KBUS
- Paris, Texas; United States;
- Frequency: 101.9 MHz
- Branding: 101.9 KBUS

Programming
- Format: Classic rock

Ownership
- Owner: East Texas Broadcasting, Inc.
- Sister stations: KALK, KPLT, KPLT-FM, KSCH

History
- First air date: June 3, 1985 (at 103.9)
- Former frequencies: 103.9 MHz (1985–1988)

Technical information
- Licensing authority: FCC
- Facility ID: 71408
- Class: C2
- ERP: 50,000 watts
- HAAT: 150 meters
- Transmitter coordinates: 33°44′54.00″N 95°24′52.00″W﻿ / ﻿33.7483333°N 95.4144444°W

Links
- Public license information: Public file; LMS;
- Webcast: Listen Live
- Website: easttexasradio.com/stations/kbus-101-9/

= KBUS =

Radio station in Paris, Texas

KBUS (101.9 FM) is a radio station broadcasting a classic rock format. Licensed to Paris, Texas, United States, the station serves the Paris area. The station is currently owned by East Texas Broadcasting, Inc. Darren Trip serves as Morning Drive host from 6am - 10am. All other day-parts feature programming from Westwood One.

==History==
KBUS signed on the air on June 3, 1985 and became the 5th radio station to sign-on in Paris as "K-BUS". When KBUS started to sign-on the air, the station started broadcasting on 103.9 FM and first aired an adult contemporary format. It moved to its present 101.9 FM frequency in 1988. Throughout its earlier years, KBUS shares its building with its sister-station 1250 AM KPRE, a country AM station and was previously part of ABC News Radio.

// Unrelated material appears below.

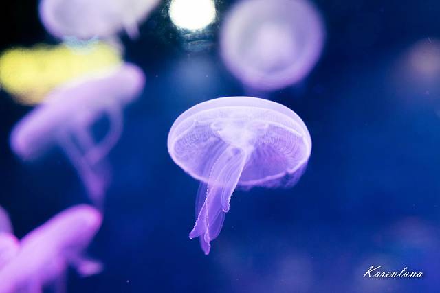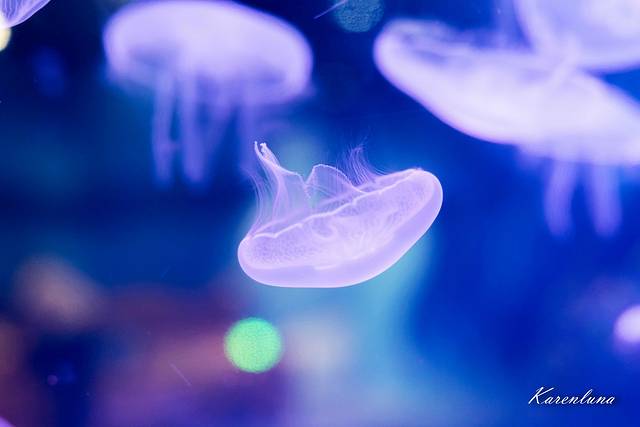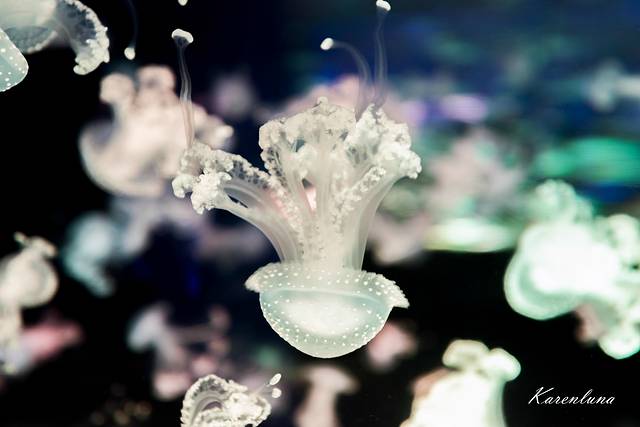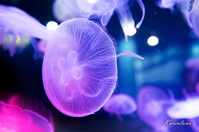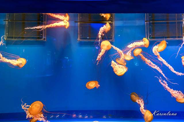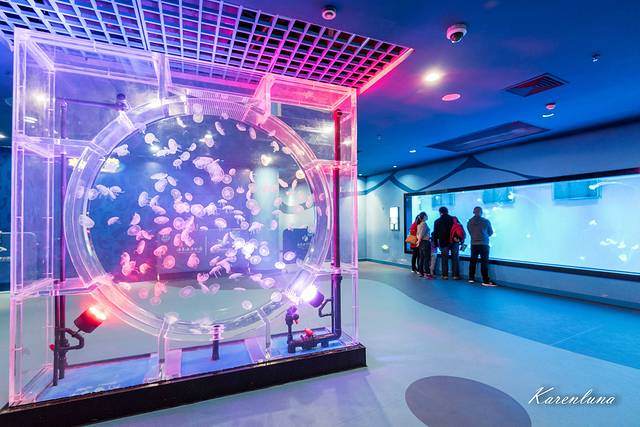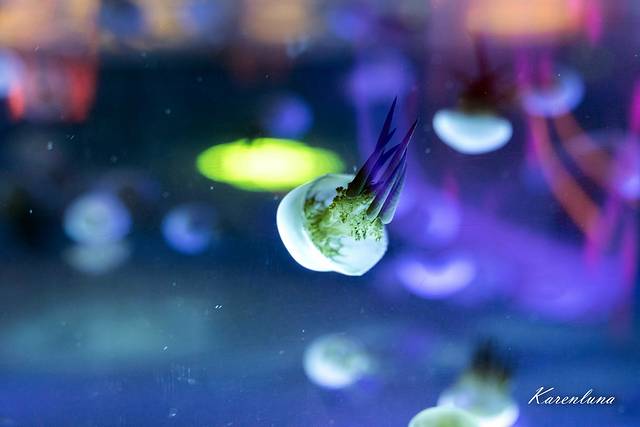 各种大小、各种形状的水母,随着灯光的变化,变换着自己的颜色,就像是在海中咕叽咕叽的小精灵,魔幻奇特有那么可爱。

On September 9, 1991, Lamar County Broadcasters Incorporated who owned both KBUS and KGDD (formerly KPRE) was sold to Charles Webster of Webster Broadcasting Incorporated. By 1994, KBUS changed its format to the current Classic Rock format.

==Former programming==
During its earlier years, KBUS was an affiliate of the Associated Press. However, during parts of the late 1980s and into the 1990s, KBUS formerly has its own "Solid-Gold Saturday Night" program with a mix of Oldies in its playlist.